Here's a sample of the log from one of the machines that crashed:
Jan 22 00:17:05 jdas-dev kernel: nvme0: cpl does not map to outstanding cmd
Jan 22 00:17:05 jdas-dev kernel: cdw0:00000000 sqhd:000d sqid:0001 cid:0012 p:1
sc:00 sct:0 m:0 dnr:0
Jan 22 00:17:05 jdas-dev kernel: nvme0: Resetting controller due to a timeout.

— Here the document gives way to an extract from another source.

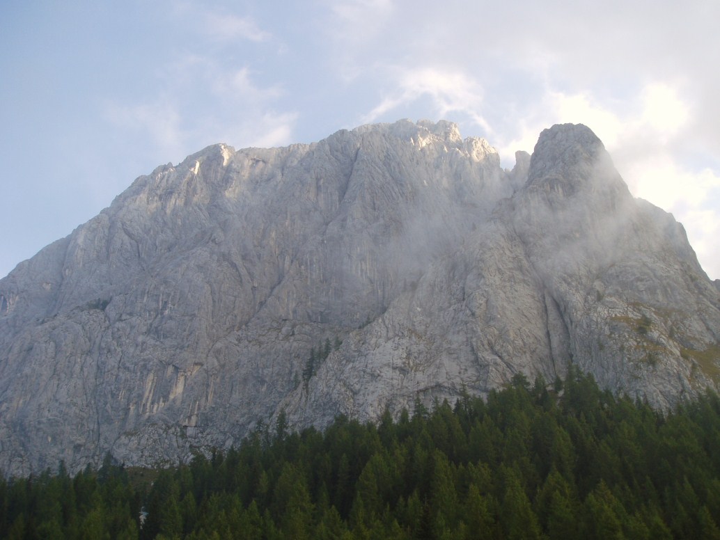 Oltrepassiamo il rifugio sopra menzionato ed in circa un’ora giungiamo al Passo Sesis. Troviamo resti di trincee, di muretti, di fortificazioni. Sono ancora evidenti i segni della Guerra, la Grande Guerra. Sono passati 90 anni ma le ferite dell’uomo inferte alla montagna sono rimaste inalterate. Sono li a tramandarne per ogni tempo la memoria, a ricordare il sacrificio di quanti hanno combattuto. Il 28 maggio 1915 una pattuglia di Alpini salì fino al Passo e si spinse fino al Passo Castello dal quale dominava il Passo dell’Oregone. Non c’erano tracce di nemici. Nei giorni successivi gli austriaci provvidero a presidiare stabilmente il Passo Sesis con pattuglie giornaliere, senza tenerlo occupato. Il maggiore Piva, comandante il battaglione degli Alpini Dronero, venuto a conoscenza da un informatore dell’intenzione del nemico di occupare il Passo, dà l’immediato ordine ai suoi Alpini di anticipare il nemico. L’alba del 4 giugno gli Alpini partono per l’omonima valle e senza alcuna perdita da parte nostra, occupano Passo Sesis: Ove costruiscono un presidio fisso ed occupano pure la Spalla Est del Peralba dalla quale possono dominare il Passo del Castello ed il Passo dell’Oregone. La vicina postazione austriaca si sente minacciata. Pronta ed immediata fu la reazione nemica. La notte dell’ 11 giugno gli austriaci partono all’attacco, guidati dal caporale Fellner e dall’appuntato Lipoth, poi decorati di medaglia d’oro. Lipoth ed i suoi uomini attaccano frontalmente, Fellner con i suoi si arrampicano su una torre che sovrasta la Spalla Est e da lì colpiscono gli italiani. Poi annodatosi ad una fune si cala nel vuoto e lancia le bombe a mano sui nostri Alpini dove si erano riparati. Decimati, i nostri soldati sono costretti a ritirarsi ed il Passo rimase in mano austriaca. Oltrepassiamo il Passo Sesis, siamo sul versante Nord in direzione del Passo del Castello. Seguiamo il sentiero per un breve tratto, poi, bruscamente volgiamo a sinistra. Oltrepassiamo resti di trincee e postazioni che si mimetizzano con il mare di piastre scure e ferrigne e saliamo superando salti ripidi ed accidentati. Sopra di noi un imbuto detritico ci porta velocemente verso il crinale Nord Est. Continuiamo fino all’ultimo canalone e, aiutati da una corda metallica, arriviamo sulla dorsale nord del Peralba. Qui i segni ed i ricordi si fanno incalzanti. Siamo nel punto in cui rozzi gradini scavati nella roccia, una galleria e resti di attrezzature testimoniano la via utilizzata in guerra dagli austriaci per raggiungere la sommità del monte. Appena usciti dallo stretto colatoio troviamo la targa che ricorda Fabio Monti e, vicino, quella che ricorda la salita di papa Wojtyla. Il peso dello zaino sulle spalle costringe lo sguardo sui passi che, uno dopo l’altro, guadagnano il Sole. In breve, per facili rocce, giungiamo in vetta. Lì c’è una croce e una campana a ricordo, a monito, a suggellare il sacrificio di quanti hanno combattuto e perso la vita in nome della propria patria, in nome di un’ideale, in nome di un dovere.

Jan 22 00:17:05 jdas-dev kernel: nvme0: resetting controller
Jan 22 00:17:05 jdas-dev kernel: nvme0: temperature threshold not supported
Jan 22 00:17:05 jdas-dev kernel: nvme0: aborting outstanding i/o
Jan 22 00:17:05 jdas-dev kernel: nvme0: resubmitting queued i/o
Jan 22 00:17:05 jdas-dev kernel: nvme0: WRITE sqid:2 cid:0 nsid:1 lba:691756520
len:8
Jan 22 00:17:21 jdas-dev kernel: ena0: The number of lost tx completion is
above the threshold (129 > 128). Reset the device
Jan 22 00:17:21 jdas-dev kernel: ena0: Trigger reset is on
Jan 22 00:17:21 jdas-dev kernel: ena0: device is going DOWN
Jan 22 00:17:21 jdas-dev kernel: ena0: free uncompleted tx mbuf qid 0 idx 0x154
Jan 22 00:17:22 jdas-dev kernel: ena0: device is going UP
Jan 22 00:17:22 jdas-dev kernel: ena0: link is UP
Jan 22 00:17:52 jdas-dev kernel: nvme0: Missing interrupt
Jan 22 00:18:46 jdas-dev kernel: nvme0: Missing interrupt
Jan 22 00:19:34 jdas-dev kernel: nvme0: cpl does not map to outstanding cmd
Jan 22 00:19:34 jdas-dev kernel: cdw0:00000000 sqhd:001a sqid:0002 cid:001b p:0
sc:00 sct:0 m:0 dnr:0
Jan 22 00:19:34 jdas-dev kernel: nvme0: Resetting controller due to a timeout.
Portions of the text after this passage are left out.